This new years eve marks our 15th without you and as I sit here and write this i am forever thankful for all the time we got with you. I have vivid memories of spending endless hours at your house eating 'Grandpa Soup', making sand pies at the table on the deck as I played in the sandbox and ringing the doorbell at my house on Halloween to get candy from you
.Grandma passed away eight years before you and you were left to do so many things alone that you should have done with her. You always did an amazing job playing the roll of both grandparents,that had to be really tough.Thank you for being so strong and for filling two pairs of shoes your own and hers.It means so much to me to have you in all of my memories of Halloween. Thank you for coming over to spend time with us and hand out candy so Mom and Dad could take us out Trick or Treating.I think of you on Halloween every year and how much you enjoyed doing that.
I actually think of you quite often it's not just on Halloween. It's every time I eat Ramen noodles, wear your sweater, eat your Mac and Cheese or listen to my stereo that is hooked up to your speakers.
In our house Ramen noodles are not Ramen noodles they are 'Grandpa Soup' and at 26 years old I still call them that.
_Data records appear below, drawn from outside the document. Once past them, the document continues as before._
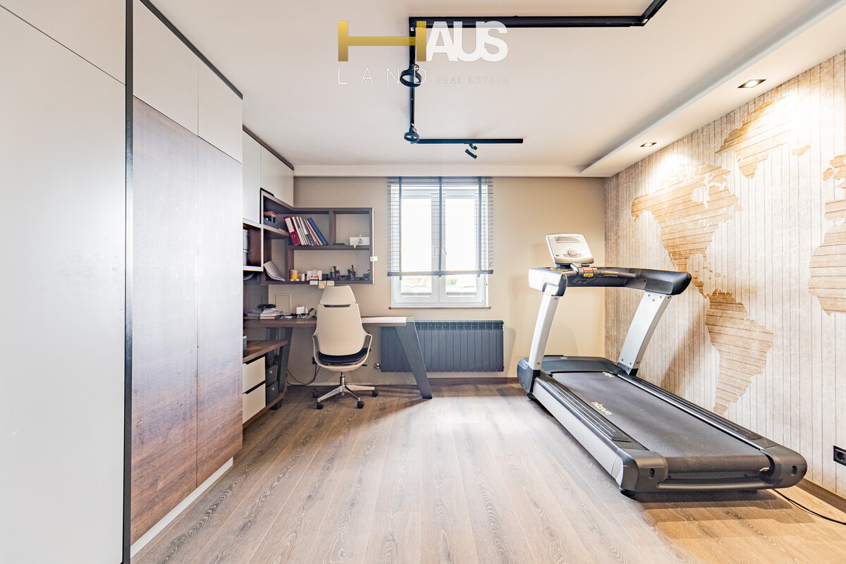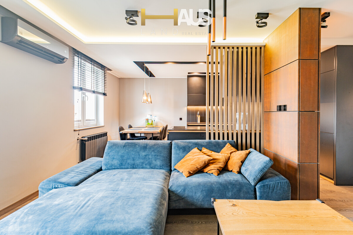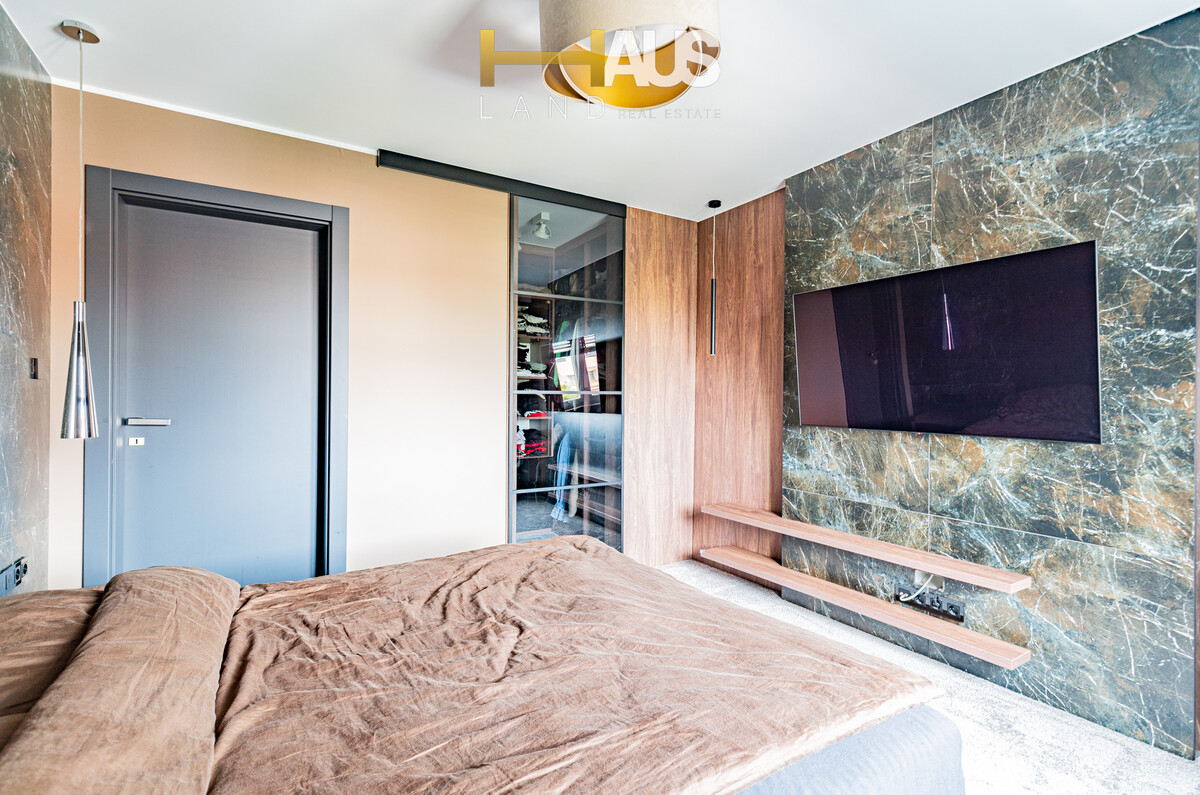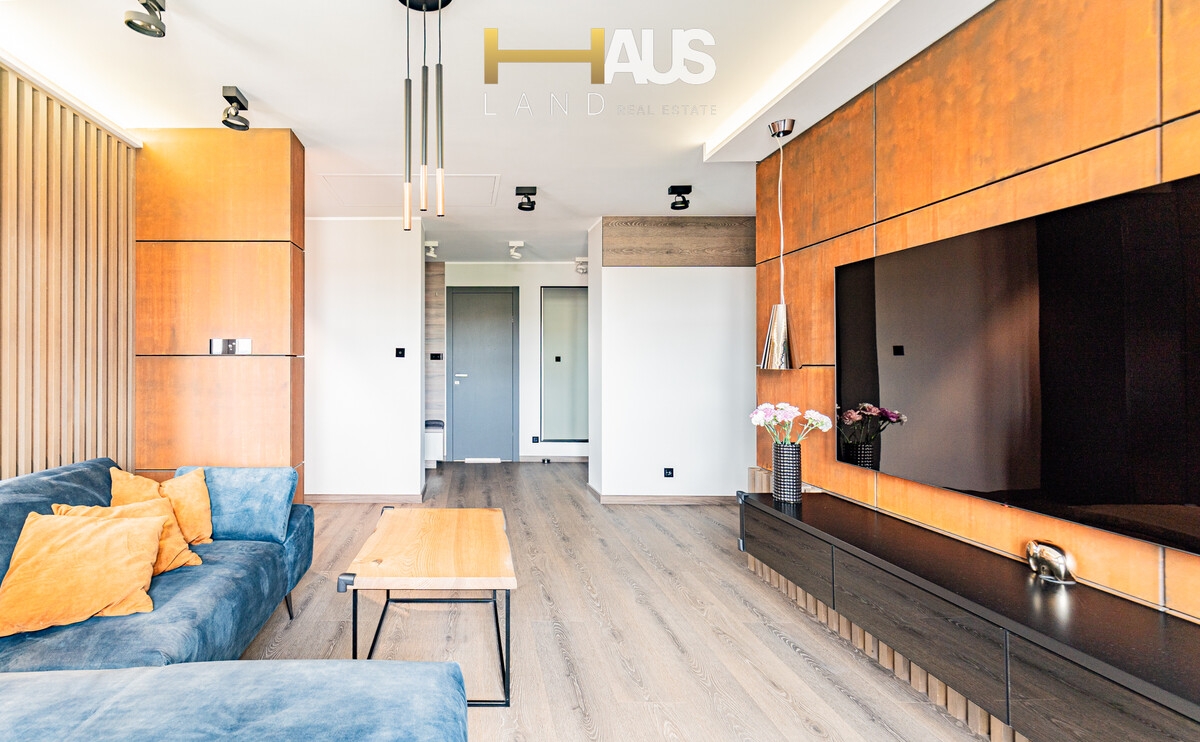 - Wykończenie w standardzie premium - wysokiej klasy materiały, m. in. spiek kwarcowy, kamienne blaty, meble na wymiar i klimatyzacja – mieszkanie urządzone z dbałością o każdy detal,
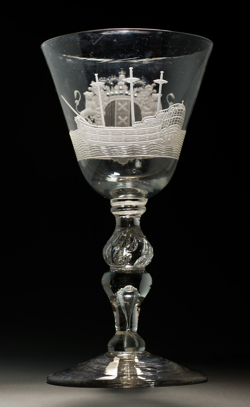 Kelkglas met gravure van driemaster in aanbouw en st...
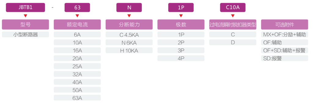按额定电流分为:6A、10A、16A、20A、25A、32A、40A、50A、63A;

I will probably always think of you when I make it because it was something I had at your house for lunch every time i was there with you. Oh, and in case you're wondering I still put one ice cube in my bowl.
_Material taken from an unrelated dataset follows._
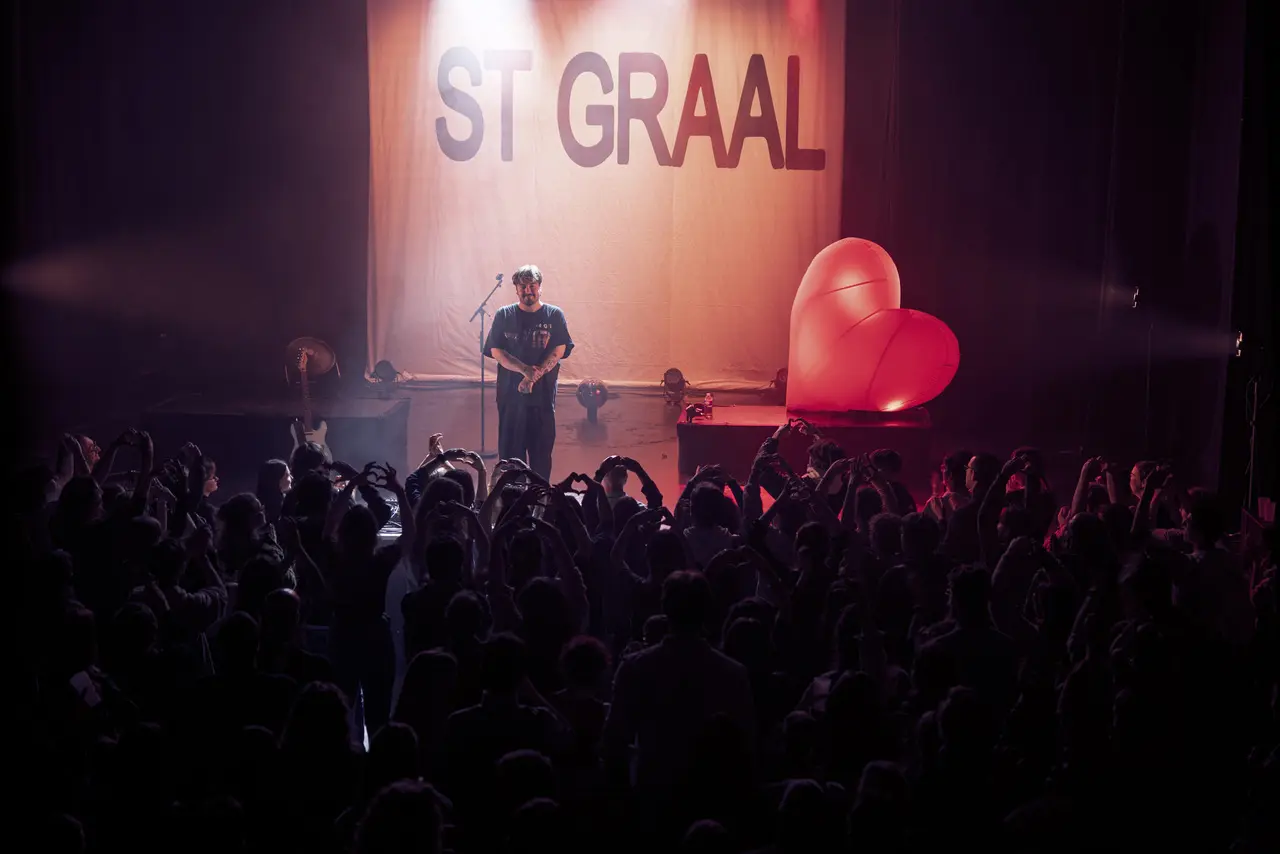 Pour scénariser ses concerts et faire écho à ses chansons, un coeur gonflable St Graal de 1,50 m (H) est fabriqué. Un éclairage LED est intégré à la structure.
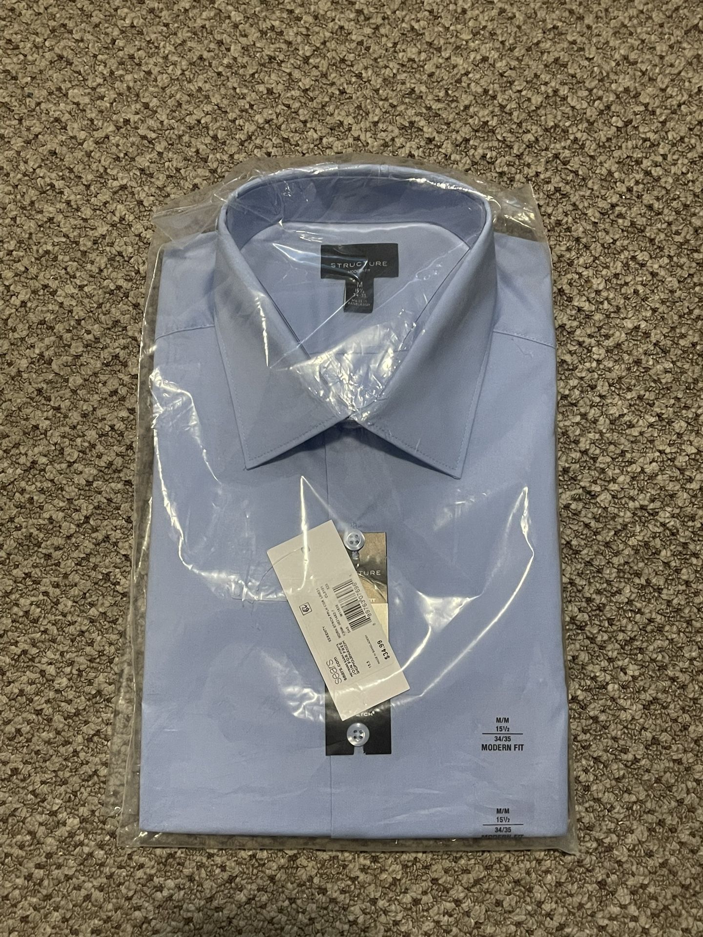 Structure business shirt still in the package and brand new dress shirt. Never worn. Modern Fit medium 15 1/2, 34/35 size. OBO Cash only Pick up only No cash apps or PayPal

The speakers I have hooked up to my stereo have lasted through three generations and they are still playing beautifully. They were yours,then my moms and then they were passed to my sister and myself.It makes me happy that they still work and I am so glad that they have been so well taken care of.
I can now make your mac and cheese and not screw it up, although I'm convinced that it's not the same but someday I will get it just right and know that you are smiling down from heaven.
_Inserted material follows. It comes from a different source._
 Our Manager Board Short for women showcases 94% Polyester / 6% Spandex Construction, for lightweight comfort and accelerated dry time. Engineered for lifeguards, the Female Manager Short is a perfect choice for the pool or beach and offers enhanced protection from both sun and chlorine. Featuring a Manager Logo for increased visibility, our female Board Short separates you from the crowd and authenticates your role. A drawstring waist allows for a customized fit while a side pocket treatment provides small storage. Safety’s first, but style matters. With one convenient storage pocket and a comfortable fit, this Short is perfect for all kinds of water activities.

I wish you could have been with my sister and I as we graduated from high school and college but I know you and Grandma were watching proudly from Heaven. If you had been here you would have probably been sitting front and center.
Even though you are gone you are still with me everyday as many of your beautifully wood crafted pieces sit in my childhood home. I remember the few time times I got to watch you work in your shop and how amazed I was at what you could do. My doll houses will always be my favorite thing you have created.That is because they were built for me out of love. Your truly were a master craftsman!